* **Task brief**
From the line containing "Said to have" to the line containing "锅内放入食用油,待油热,加入调制好的,肉片,抄熟!" in the entries below, reproduce every line exactly, ends included. Nothing else belongs in the copy, and no pictures.

* **Dataset entries**
↓↓↓

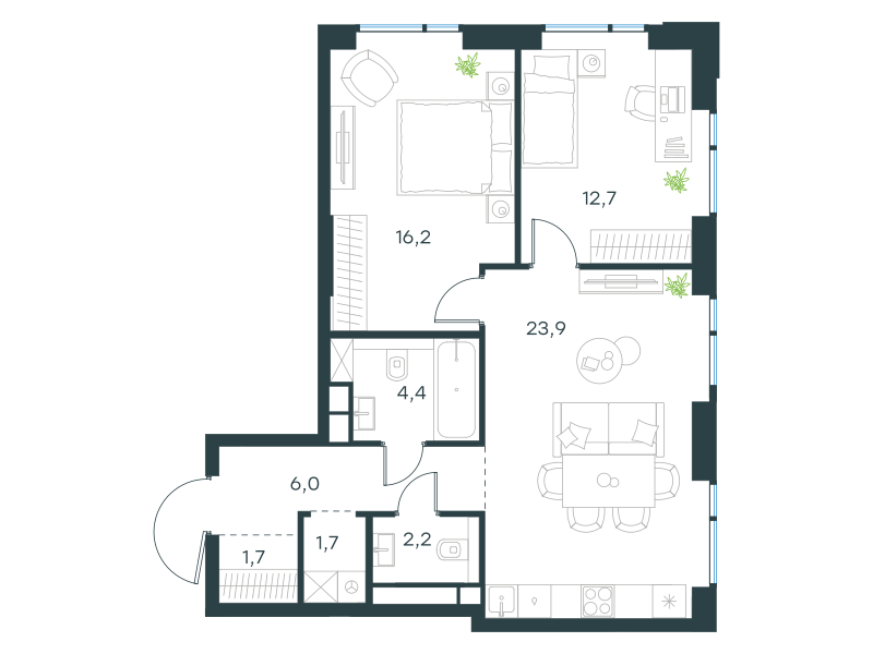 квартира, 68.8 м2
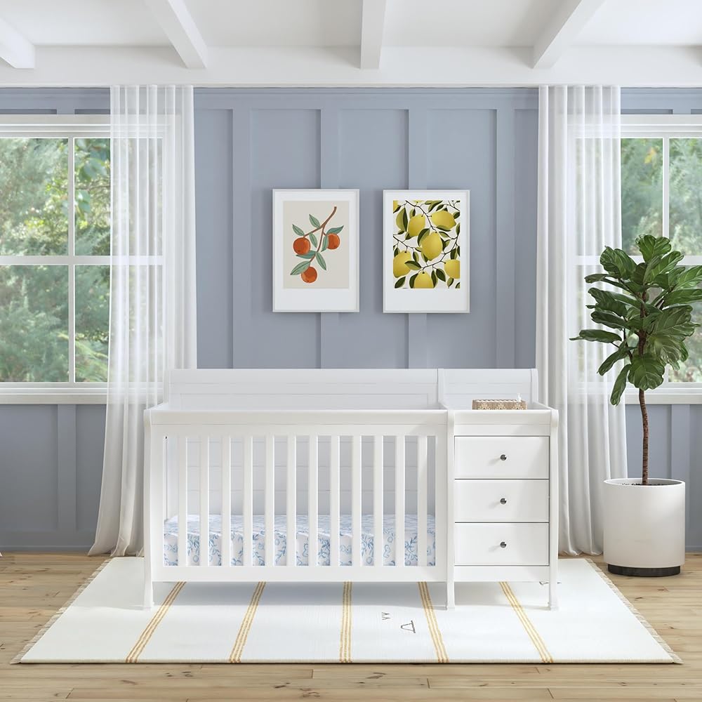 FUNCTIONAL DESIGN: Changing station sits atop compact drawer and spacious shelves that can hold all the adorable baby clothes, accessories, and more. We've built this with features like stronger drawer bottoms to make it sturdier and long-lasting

↑↑↑
↓↓↓

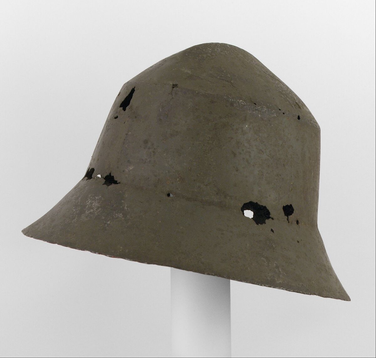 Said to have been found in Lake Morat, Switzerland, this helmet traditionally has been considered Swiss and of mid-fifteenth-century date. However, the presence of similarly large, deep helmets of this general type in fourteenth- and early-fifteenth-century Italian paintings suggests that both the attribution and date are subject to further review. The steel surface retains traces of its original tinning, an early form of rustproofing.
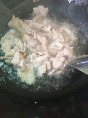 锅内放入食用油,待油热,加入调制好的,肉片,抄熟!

↑↑↑

* **Solution to the exercise**
 Said to have been found in Lake Morat, Switzerland, this helmet traditionally has been considered Swiss and of mid-fifteenth-century date. However, the presence of similarly large, deep helmets of this general type in fourteenth- and early-fifteenth-century Italian paintings suggests that both the attribution and date are subject to further review. The steel surface retains traces of its original tinning, an early form of rustproofing.
 锅内放入食用油,待油热,加入调制好的,肉片,抄熟!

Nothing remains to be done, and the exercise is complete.